Meteor Drawing: Step-by-Step Tutorial & Easy Ideas
If you can draw circles and ellipses, you can draw a meteor. That's genuinely the whole secret — the rest is knowing which lines to add in which order, and this tutorial shows you exactly that, step by step, before serving up a full list of meteor drawing ideas to practice with.
- Difficulty Easy
- Time ~12 min
- Tools Pencil, eraser, paper
- Starts with circles and ellipses

How to Draw a Meteor Step by Step

-
Block the primary form
Most space subjects reduce to circles and ellipses — draw the meteor's main geometry precisely, using a traced circle where possible.
-
Add the structural features
Draw the features that define this meteor — rings, panels, fins, craters, or swirls — following the curvature of the main form.
-
Establish the light side
Space lighting is stark: pick where the sun is and commit. One side bright, the other falling to deep shadow with a crisp terminator line.
-
Detail the surface
Add surface character in the lit zone — texture, markings, small features — and let detail vanish into the shadow side.
-
Build the background
Scatter stars (clusters and gaps, never even spacing), maybe a distant planet or nebula wisp. Black space makes every subject pop.
-
Add the glow
Halos, engine trails, atmosphere rims — a soft glow effect against the dark background is what makes space drawings feel luminous.

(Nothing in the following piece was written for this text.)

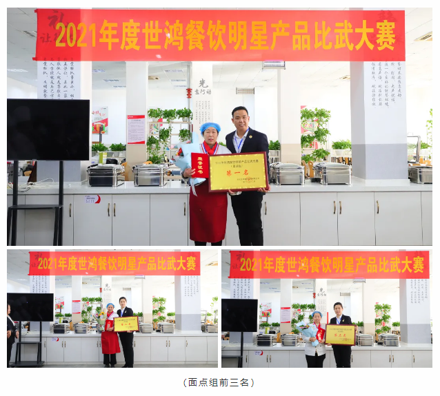 厨艺比赛分为热菜组和面点组两项比赛,每位选手都是精心准备、认真制作,激烈对决,缤纷呈现,将这一年的努力付出和用心态度都带入参赛作品中。经过评委们严谨认真的评审后最终评选出热菜组和面点组的前三名和技术能手奖。颁奖环节是最令人激动的环节,每一位获奖者由颁奖嘉宾用鲜花邀请至主席台,现场尽是大家热情的祝贺和掌声,充满仪式感的颁奖环节令世鸿的家人们开心而感动。大赛是对各项目厨艺基本功的检验,同时利用这个平台可以使大家相互取长补短,厨艺技能得以提升。新的一年,虎扑体育将紧跟时代步伐,不断推陈出新。做高品质团餐,更好的服务于社会。

Meteor Drawing Ideas to Try Next
Once the basic meteor clicks, run it through these variations — each one practices a different skill while staying on a subject you already know.
-
Retro poster meteor
Flat colors, bold shapes, vintage NASA-poster energy.
-
A meteor in a jar
The miniature-cosmos trend: your meteor glowing inside a corked jar.
-
Meteor line-art constellation style
Reduce it to dots connected by thin lines, with a few star sparkles.
-
A cat or astronaut floating near the meteor
One floating figure adds scale and whimsy to any cosmic scene.
Tips for Better Meteor Drawings
- Space lighting is binary: one crisp bright side, one deep dark side. Timid, even shading kills the cosmic look.

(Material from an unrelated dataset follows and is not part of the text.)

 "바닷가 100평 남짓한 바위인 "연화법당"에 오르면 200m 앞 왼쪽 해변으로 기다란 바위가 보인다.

- Scatter stars in clusters with gaps — evenly spaced stars read as wallpaper, clustered stars read as sky.
Not feeling the meteor today?
Let the generator pick your next subject — filtered by mood and difficulty.

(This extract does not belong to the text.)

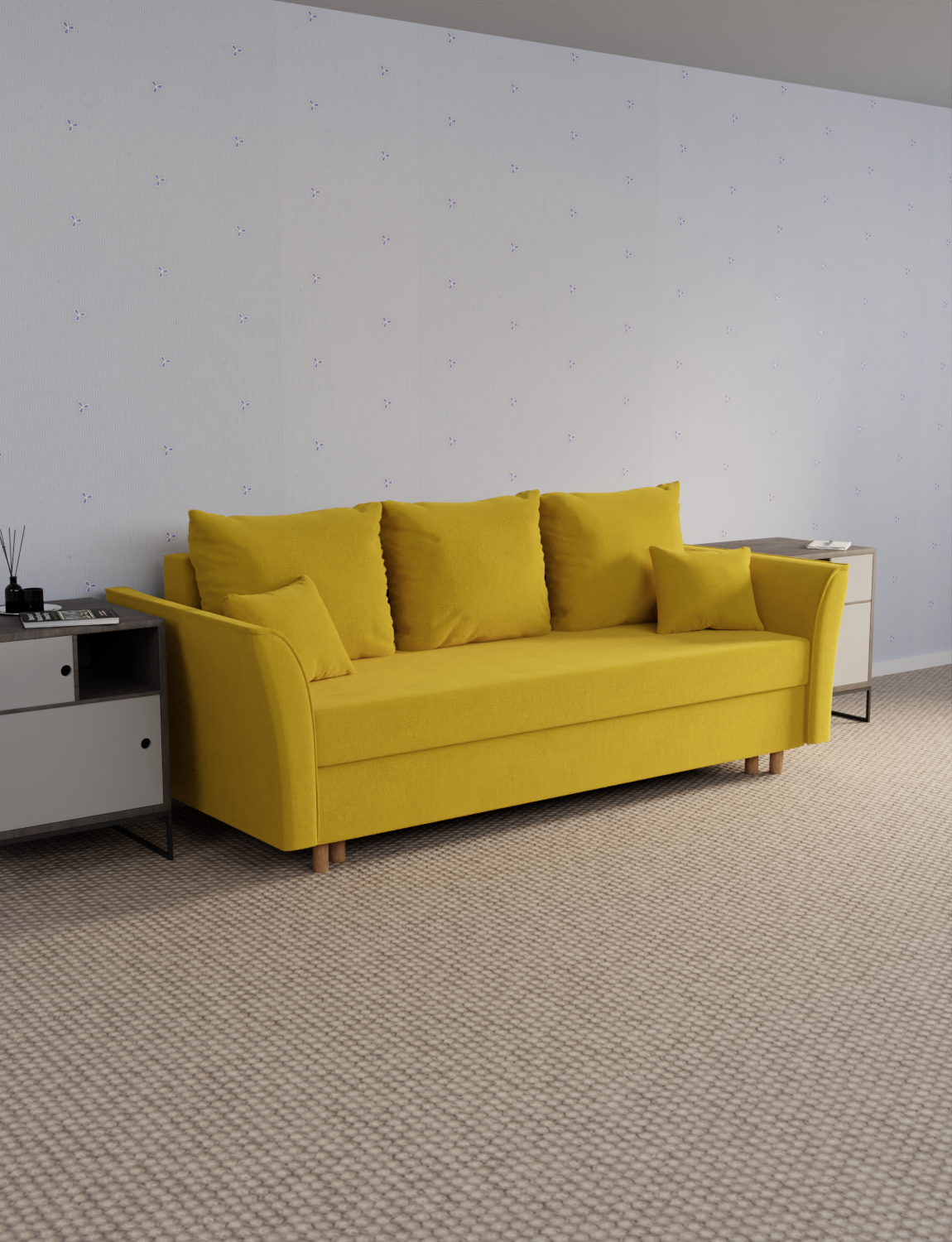 Этот диван-кровать является прекрасным решением для тех, кто ценит комфорт, стиль и универсальность. Изготовленный из прочного велюра, механизм "евро-книжка", что делает его легко трансформируемым и подходящим для любого интерьера. Благодаря съемным подушкам, диван можно легко адаптировать под ваши потребности и обеспечить дополнительное удобство. Его высота, ширина и глубина обеспечивают удобную посадку, а размеры спального места позволяют разместить до 2 человек.

🎲 Random Drawing GeneratorMeteor Drawing FAQ
How do you draw a meteor easily?
Start with circles and ellipses, keeping your lines light. Refine the outline, add the defining details, then erase the construction shapes. The six-step method above breaks this down — most people get a recognizable meteor on their very first try with it.
How long should it take to draw a meteor?
A simple meteor drawing takes about 12 minutes following this tutorial. A quick doodle version can be done in two or three minutes, while a detailed, fully-shaded study might take an hour. Speed comes with repetition — the second attempt is always faster than the first.
What do I need to draw a meteor?
Just a pencil, an eraser, and any paper. An HB pencil for construction lines and a 2B for final outlines is a nice upgrade, and colored pencils or markers finish it off — but nothing on this page requires special supplies.
Can kids draw a meteor?
Yes — the meteor is one of the friendlier subjects for beginners, and this method was written for first-timers. Kids can follow the same steps; just expect wobblier lines and more charm.